Gençliğe kastedenler

Faruk ÇAKIR

Geçen günlerde bir üniversite öğrencisinin, arkadaşlarının evinde uyuşturucu alarak ölmesi ‘gençler ve uyuşturucu’ konusunu yeniden gündeme taşıdı. Aslında bu problem, hiç- bir zaman gündemden düşmemesi gereken bir dert. Uyuşturucu alışkanlığı sonucu yaşanan ölümler sonrasında konu gündeme geliyor, bir miktar tartışılıyor ve sonrasında nedense unutuluyor.

Haberlere konu olan son hadisede, Kocaeli Üniversitesi öğrencisi olan genç kızın, İstanbul Kadıköy’de arkadaşlarıyla buluşması ve buluşulan evin tuvaletinde koluna aşırı dozda uyuşturucu enjekte etmesi sonucu vefat sözkonusu. Genç kızın annesi, kızının daha önce bu alışkanlık sebebiyle tedavi gördüğünü de söylemiş.
Elbette bu hadise bir ilk değil. Geçmişte de buna benzer üzücü ve düşündürücü ölüm hadiseleri yaşandı. Keşke bundan sonra yaşanmasa. Tabiî ki böyle hadiselerin yaşanmaması için yapılması gereken işler, atılması gereken adımlar var. Ne yazık ki Türkiye’yi idare edenler bu konuda ciddî adım atmak istemiyorlar. Peki, ‘adım atmak istemiyorlar’ tesbitinden rahatsız olanlar için ‘atamıyorlar’ diyelim.

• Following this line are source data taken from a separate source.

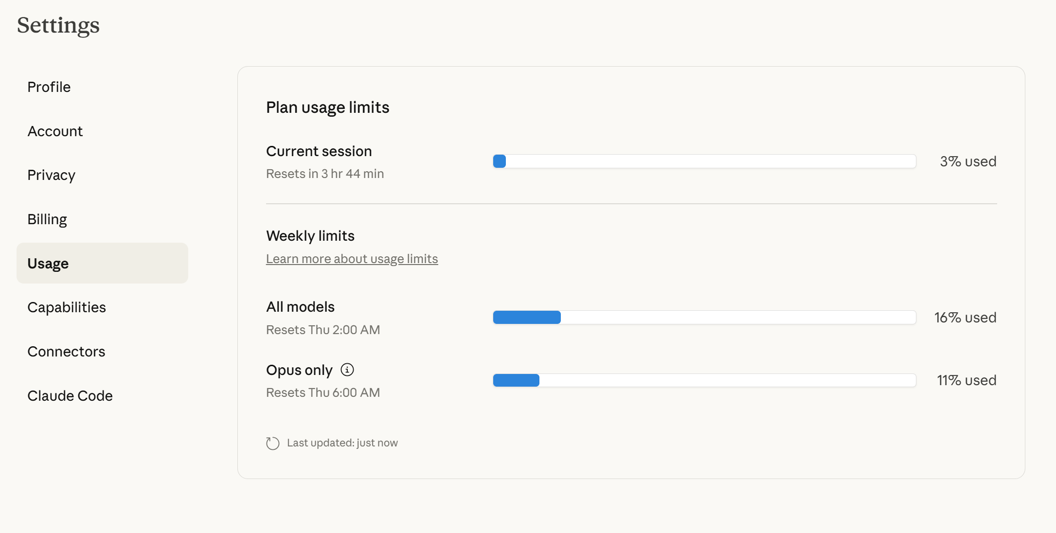 Раньше для проверки лимитов можно было использовать консольную утилиту ccusage через терминал. Это строннее решение.
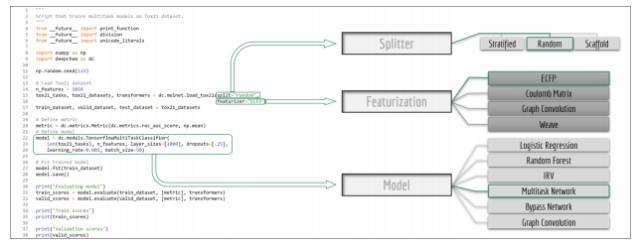 图 1:使用 DeepChem 进行基准评估的代码示例,提供多种方法用于数据分割、特征化和学习。
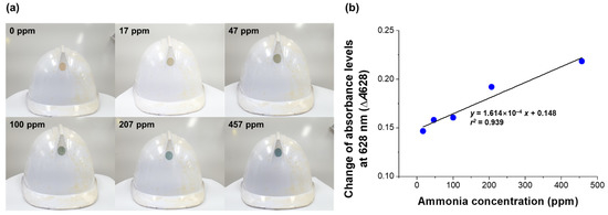 The absorbance change (ΔA628) of the sensor attached to the helmet also increased upon its exposure to increasing concentrations of the released ammonia gas, and did so in a linear fashion following the equation y = 1.614 ×10−4 x + 0.148 and r2 = 0.939 (Figure 7b). The linear regression was different from that of the sensitivity validation (Figure 5c), with this difference attributed to the different operating conditions. The sensitivity test was operated in the batch system; thus, the film sensor was homogeneously exposed to the ammonia gas. Unlike the batch test used for the sensitivity validation, in the test with the sensor attached to the helmet, ammonia gas was introduced into the chamber by releasing it to simulate a leakage of gaseous ammonia in industries. The release of ammonia gas might lead to the heterogeneous distribution of ammonia gas in the chamber system. The different exposures probably resulted in the different linearities of absorbance change versus concentration of ammonia gas (Figure 5c and Figure 7b).
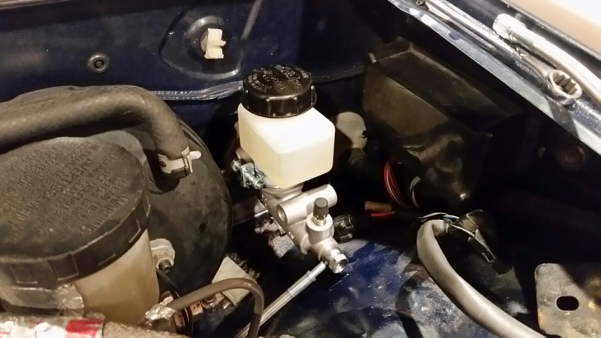Transmission bolted in. Clutch master installed. Getting the old clutch master pedal e-clip off with the rollcage just to the left of the clutch was tough. Couldn't see and had limited space. And I was laying on my back on the floor.
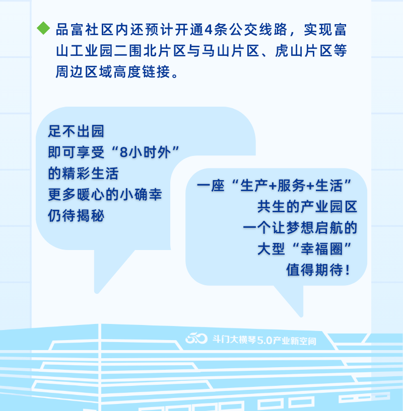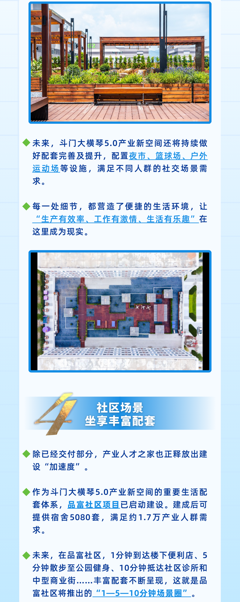 新空間,托起產(chǎn)業(yè)新夢(mèng)想。作為一座能“拎機(jī)投產(chǎn)”“拎包入住”的高質(zhì)量園區(qū),斗門大橫琴5.0產(chǎn)業(yè)新空間不僅適應(yīng)新形勢(shì)、賦能新技術(shù)、承載新產(chǎn)業(yè),還配備能滿足員工吃、住、娛樂休閑等需求的生活、商業(yè)配套。
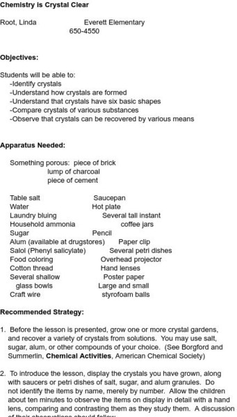 From the Science and Mathematics Initiative for Learning Enhancement (SMILE) program. A lesson plan in which students explore the properties of crystals. Includes a variety off hands-on activities. Great for stimulating an idea for a...

En başta ifade edelim ki bu tehdit ve tehlike, ‘farkında olunması gereken bir tehlike’dir. Hiç kimse, hiçbirimiz ‘Bu tehdit bana ve çocuklarıma zarar veremez’ dememeli, diyemez. Aksine bu âfetin hepimizi tehdit ettiğinin farkına varmalı ve buna karşı da elden gelen her türlü tedbire, çareye başvurmalıyız. En başta da duâya! Kendimizi, çocuklarımızı ve çevremizi bu “ifsat şebekeleri”nin tuzaklarından koruması için Yaradana sığınmak çok önemli.

Başta Türkiye’yi idare edenler olmak üzere hepimizin cevap bulması gereken asıl soru şu olmalı: Medyanın ısrarla ‘altın vuruş’ olarak isimlendirdiği ve gerçekte ‘ölüm vuruşu’ olarak isimlendirilmeyi hak eden bu tercihten gençleri nasıl uzak tutabiliriz?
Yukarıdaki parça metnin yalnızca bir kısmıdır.